Auch die Wirksamkeit einer Änderung im Kirchenrecht, bei dem es um die Rechenschaftspflicht von Bischöfen geht und die schon bald nach dem Gipfel eingeführt wurde, hat demnach Grenzen. "Wir sehen, dass sich mit der Einführung dieses und anderer Gesetze nicht unbedingt sofort und überall konsistent die Praxis ändert", so Zollner.
Problem des Nachhaltens
"In der Kirche gibt es vor allem auch ein Problem mit dem Nachhalten, also mit dem Überprüfen, ob dieses Gesetz angewandt wird und, bei Nichtanwendung, das Aussprechen von Sanktionen." Außerdem brauche es eine neue Haltung zu dem Thema. "Da sind wir in vielen Teilen der Welt noch nicht so weit, dass das überall verstanden wird und analog angewandt wird."
Alle Getauften in unterschiedlichen Graden mitverantwortlich
Zollner betonte, es reiche nicht aus, das Thema Missbrauch in eine Stabsstelle abzuschieben. "Es muss ein Thema sein, über das man betet, diskutiert und mit den Betroffenen gemeinsam Wege des Kirche-Seins sucht." Für eine sicherere Gesellschaft und Kirche seien alle Getauften in unterschiedlichen Graden mitverantwortlich.

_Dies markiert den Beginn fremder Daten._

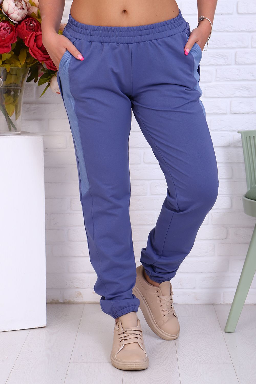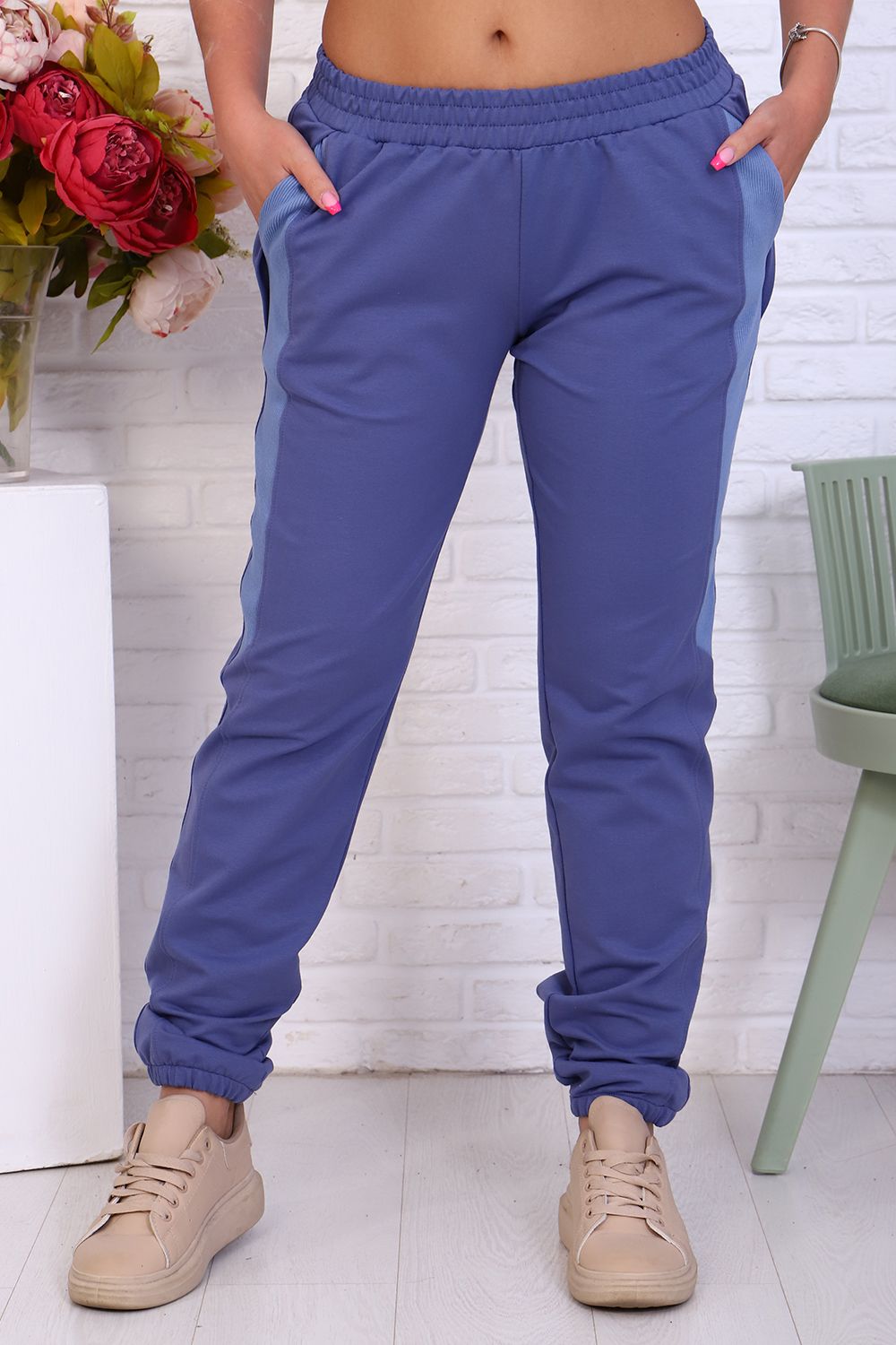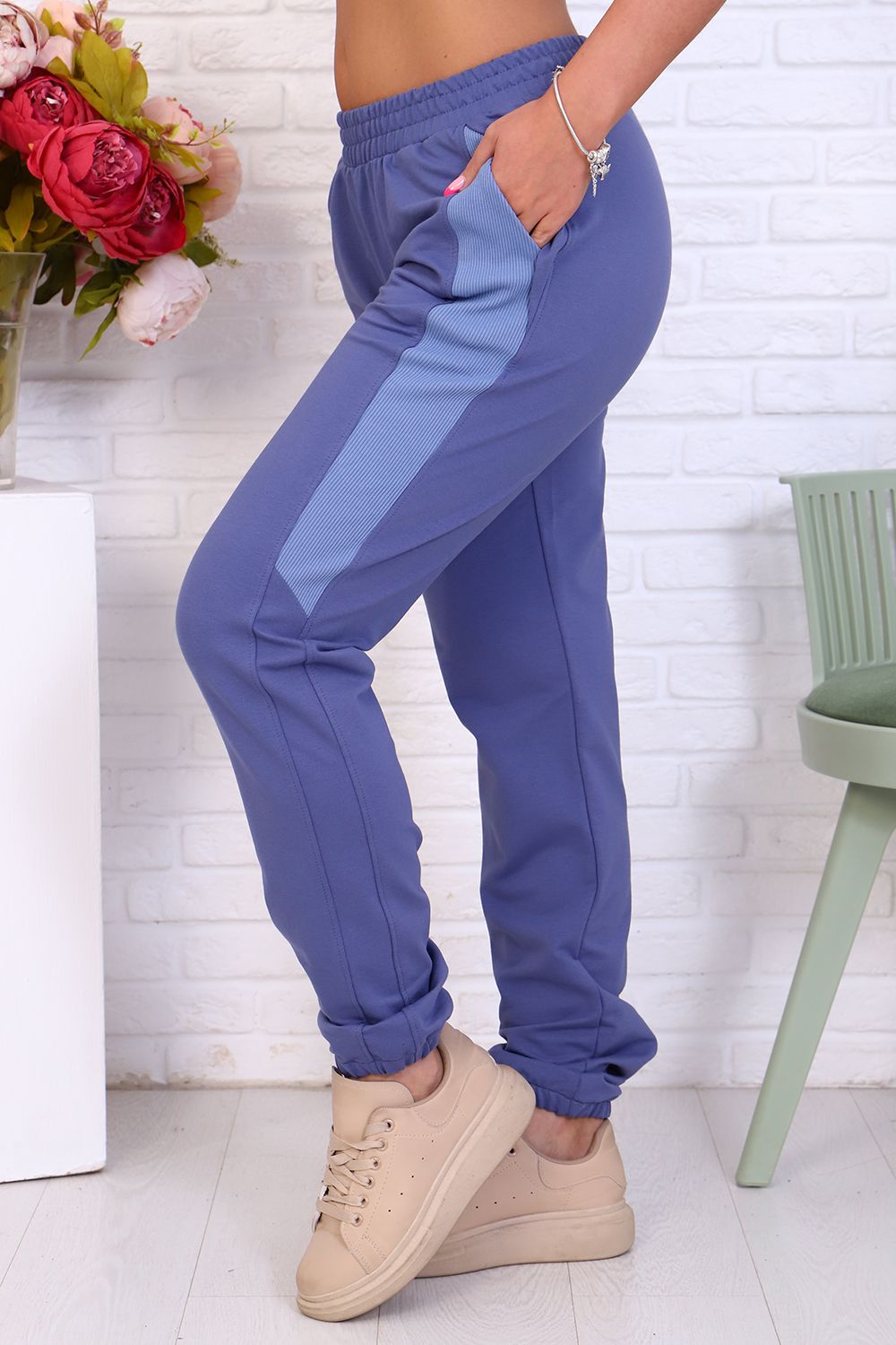 Брюки женские из футера 2-х нитка. Модель полуприлегающего силуэта на эластичном поясе с боковыми карманами. Вдоль бокового шва расположен лампас из отделочного полотна с фигурной вставкой, низ брюк обработан резинкой. Модель идеально подойдет для женщин, девушек как для дома, так и для прогулок.

Vor fünf Jahren hatte Papst Franziskus die Vorsitzenden aller Bischofskonferenzen, viele Ordensobere sowie Kurienleiter zu einem mehrtägigen Treffen in den Vatikan beordert. Dort sollten sie sich zum Thema Missbrauch fortbilden und beraten. Der Psychologe und Jesuit Zollner hatte das Treffen mit vorbereitet.